# How packages work in Scala

### THIS PIECE IS FULL OF LIES DO NOT TRUST IT

More accurately, its information is out of date and no longer valid. This describes the old behaviour of the Scala package system. Its behaviour has been different from this for some years now, as it turned out most people weren’t reaching the “acceptance” stage I describe below and after enough shouting the behaviour got changed. This is preserved solely for posterity. Do not rely on it for accurate information.

Original piece follows:

Every now and then someone discovers how packages work in Scala. This process typically passes through a number of stages.

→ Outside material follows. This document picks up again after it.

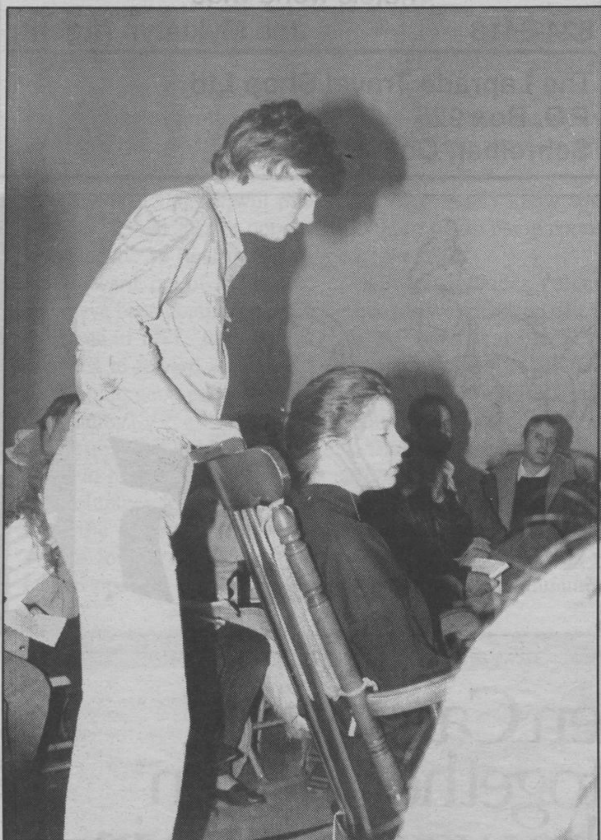
Students perform three one act plays last week-end— The People Versus Christ , Do , and An Overpraised Season . It was Schreiber's first ever theatre in the round performance

1. Confusion: “Hey, guys, I found this weird bug. Can you take a look?”
2. Surprise: “What? It works like that? Really?”
3. Denial: “No, I don’t believe you. This has to be a bug.”
4. Anger: “Dear scala-debate. This is the worst feature in the entire world, and if you don’t agree with me you’re a big poopy head”
5. Acceptance: “Actually, this is quite a neat feature”

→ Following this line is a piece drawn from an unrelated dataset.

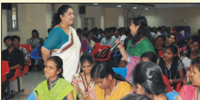
One among the Dignitary of National Seminar MetiHer '15 explaining students' doubt

Department of Placement and Career Guidance organized the first National Seminar METIHER'15 on 20th March, 2015. A total number of 250 participants from different colleges attended, the program. The resource persons were reputed HRs from several giant companies.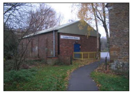
Ref. PAJG 27/11/07

Construction Brick built Pitched metal profile roof finish

Not everyone reaches step 5. Many stay in step 4 permanently, often because they’ve discovered that this interacts poorly with certain conventions they use.

This behaviour is particularly unfortunate because actually Scala’s package behaviour is quite nice. But people don’t seem to be willing to believe this and instead make up all sorts of behaviour which it doesn’t have and never has had and then get upset when the reality does not correspond to their fiction.

And so, in the hopes of dispelling some of this confusion, I bring to you the reality of how packages work in Scala. Some of this is very basic material, but I’m presenting it in case you’ve not explicitly thought about it in these terms as it will help with the leadup to the actually important part.

### Identifiers

You have a bunch of identifiers in scope. These are names for things. It doesn’t matter what they’re names for: They could be vals, defs, packages, objects, etc. So for example suppose I have:

package foo;
object bar;
object baz{
val kittens = "kittens";
}

within this file, say within the object bar, we’ve got a bunch of identifiers in scope: We have foo, the package we are in, bar, an object, and baz, another object. We don’t have kittens in scope (except within the object baz).

Within the object baz, everything in scope at the outer level is in scope here, but we’ve introduced the additional identifier kittens.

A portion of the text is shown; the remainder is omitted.